This is why I’m enjoying Newsom’s trolling. Ultimately,
it’s less a goof on Trump than on the contemptible Americans who’ve enabled
him, from the paid
apologists of the MAGA Republican establishment to the salt-of-the-earth
right-wingers who’ve learned to forgive the president about literally anything
in the name of endless war on the left. The California governor’s Trump-ish
tweets are a sort of meta-joke on how utterly modern partisanship has blinded
partisans. All it takes to expose stupid, unacceptable rhetoric as stupid and
unacceptable is to change the identity of the speaker. Instantly, everything
becomes clear.
“In some ways, it’s like peering into the near future of
what a post-literate presidential campaign might look like,” Politico wrote
of Newsom’s trolling, in one of the more dystopian sentences about American
politics that I’ve encountered lately. But it’s true: Essentially, the governor
is leaning into idiocracy. Populism has convinced Americans that oafish
demagoguery is “authentic” and should be rewarded with leadership, and one
Democrat has decided—with tongue in cheek—to show them where that logic leads.
If populists want a country where everyone sounds like Trump (insofar as we don’t
have one already), that can be arranged.
And if populists don’t want that, great. That’s progress.
They shouldn’t.
“Turnabout is fair play” is an interesting and
provocative message for a 2028 Democratic hopeful, especially in contrast to
Joe Biden’s 2020 “return to normalcy” campaign. Trolling won’t win Newsom the
general election, but the fact that he’s willing to use the president’s
rhetorical tactics against the right may carry outsized weight in the next
Democratic primary. Whether for reasons of partisan revenge or of ideological
ruthlessness, a lot of leftists will want their new leader to
aggressively exploit the abuses of power that Trump has normalized. By using
the president’s rhetoric, the governor is hinting that he’s game.

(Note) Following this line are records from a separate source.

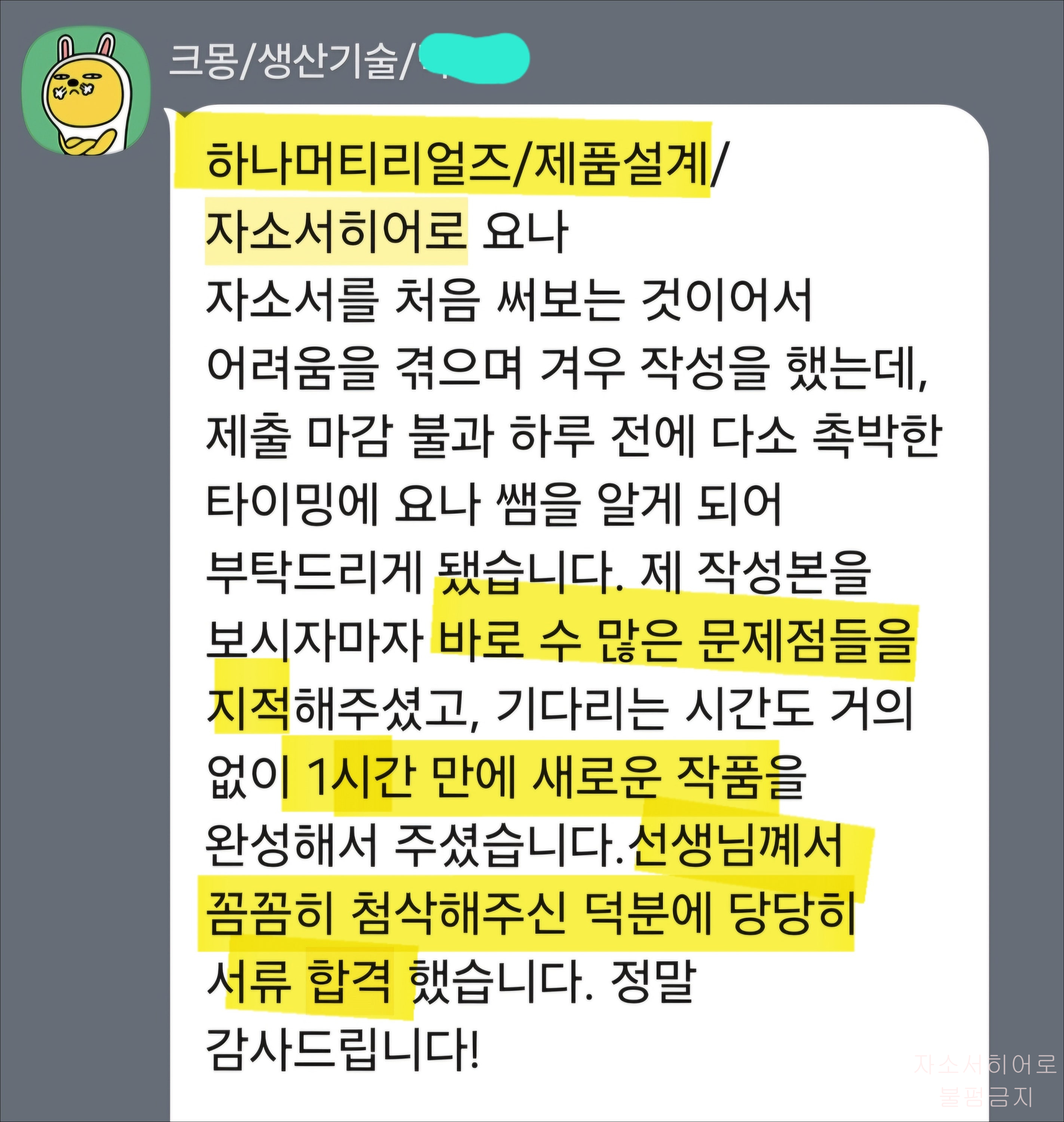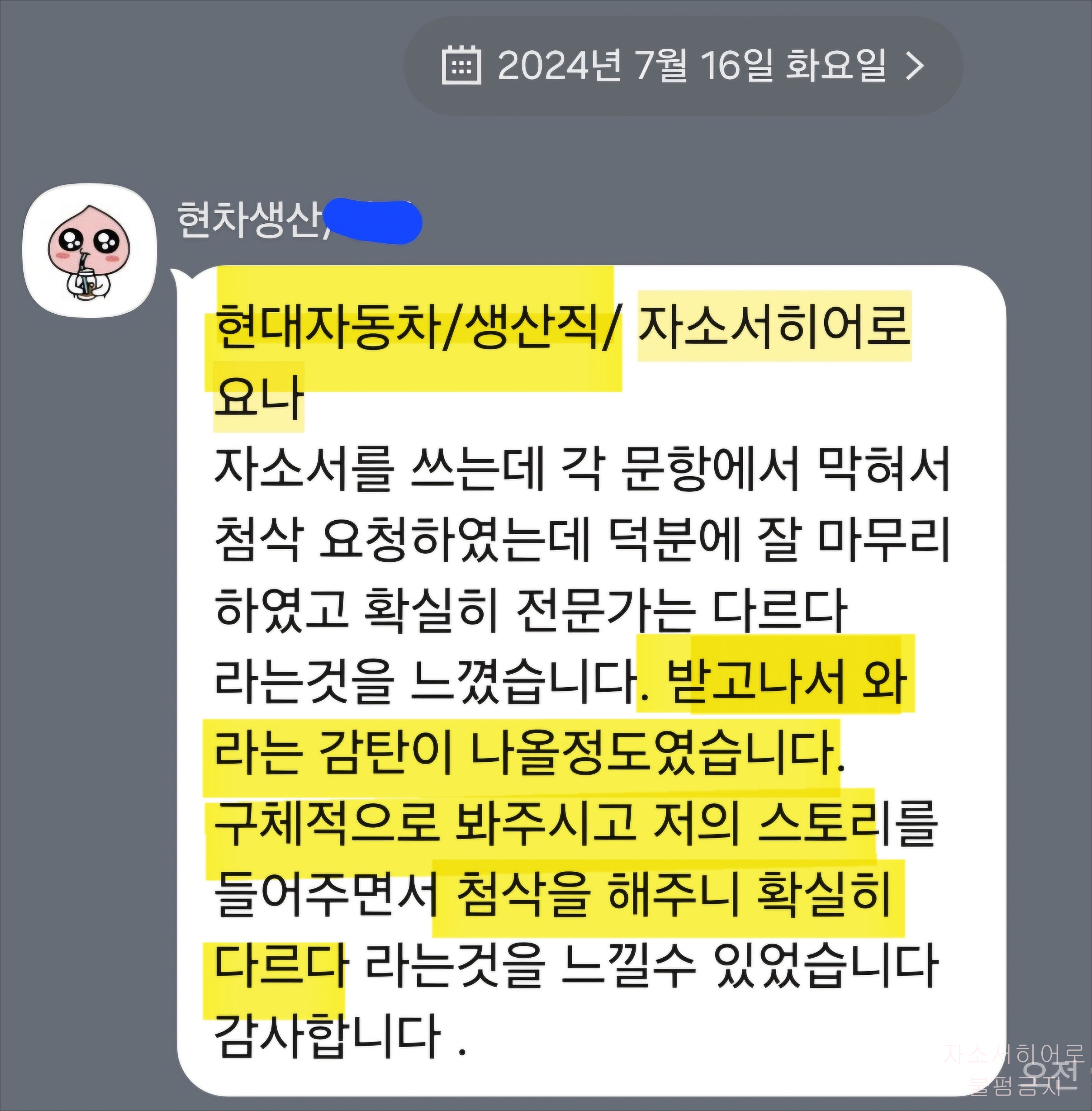 <자기소개서 첨삭 대필 후기>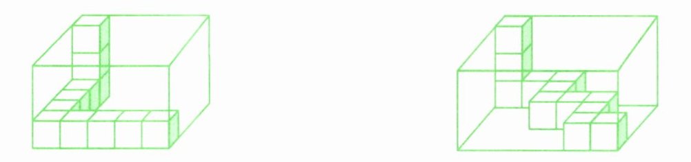 4. 明明在下面两个长方体玻璃容器中,摆了若干个1立方厘米的小正方体。算出每个玻璃容器的容积,填在下面的括号里。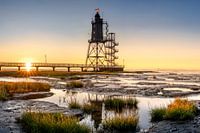 Vuurtoren Obereversand aan de Waddenzee van de Wurstense Noordzeekust bij zonsondergang.

If Newsom will fight fire with fire on everything from
redistricting to presidential tweets, presumably, he’ll also fight fire with
fire by using executive power to strong-arm the left’s enemies into accepting
his side’s cultural priorities, too. Which brings us back to those reasons I
mentioned earlier to despise Newsom’s trolling campaign after all.
Gazing into the abyss.
“Trump, but progressive” is no Dispatch writer’s
or reader’s idea of actual progress. Illiberalism is illiberalism. If you’re
destined to be governed by one of the ends of the proverbial horseshoe,
it’s silly to care much which one it is.
Goofing on Trump also isn’t going to do a thing to
reverse the ongoing
collapse in Democratic Party identification. You can and should draw some
hard conclusions about Americans from the fact that the GOP in its current
incarnation is becoming more popular, not less, but that still doesn’t make
jokey tweets any kind of serious answer to the problem. There will be no “troll
lane” in the next Democratic primary.
Insofar as the governor’s mockery of the president makes
him a frontrunner for the 2028 nomination, that’s another reason to hate it. If
you’re eager to defeat whatever populist monstrosity Trumpism spawns in the
next presidential cycle, you should oppose nominating Gavin Newsom. It’s nice
that he wants to rebrand as a Trump-hating centrist, but the last election also
involved a California progressive desperately trying to convince swing voters
that she wasn’t as far-left as her record suggested. It didn’t work for Kamala
Harris, and it
won’t work for him.
The deeper cultural reason to dislike what he’s doing,
though, is that trolling rarely remains trolling.
Hannah Yoest noted
today at The Bulwark that some of the pro-Newsom online mockery
aimed at Trump and MAGA by left-wingers has already begun to veer away from
irony and toward cruelty. One popular tweet made
light of the president’s near-assassination last year. Another spoofed white
nationalists’ habit of disparaging mixed-race couples by placing a photo of the
governor’s lily-white family next to one of J.D. Vance’s. The joke was that
far-left Gavin Newsom represents the Aryan ideal, not our far-right vice
president, but in substance, the post was indistinguishable from earnest racist
propaganda.
A Dispatch colleague reminded me today that during
the 2016 cycle, when the alt-right became a pro-Trump force on social media, it
was sometimes hard to tell committed white supremacists from bratty trolls
free-riding on the excuse provided by the election to be transgressive. Was Pepe the Frog a
sincere symbol of white power, or a comic meme glommed onto by teen edgelords
to épater les bourgeoisie?
Nine years later, racist rhetoric on social media seems a
lot more earnest than it used to. Eventually, it appears, the trolls lost their
ironic distance from their subject. “If you gaze long enough into an abyss, the
abyss will gaze back into you,” Nietzsche famously said. Here we are.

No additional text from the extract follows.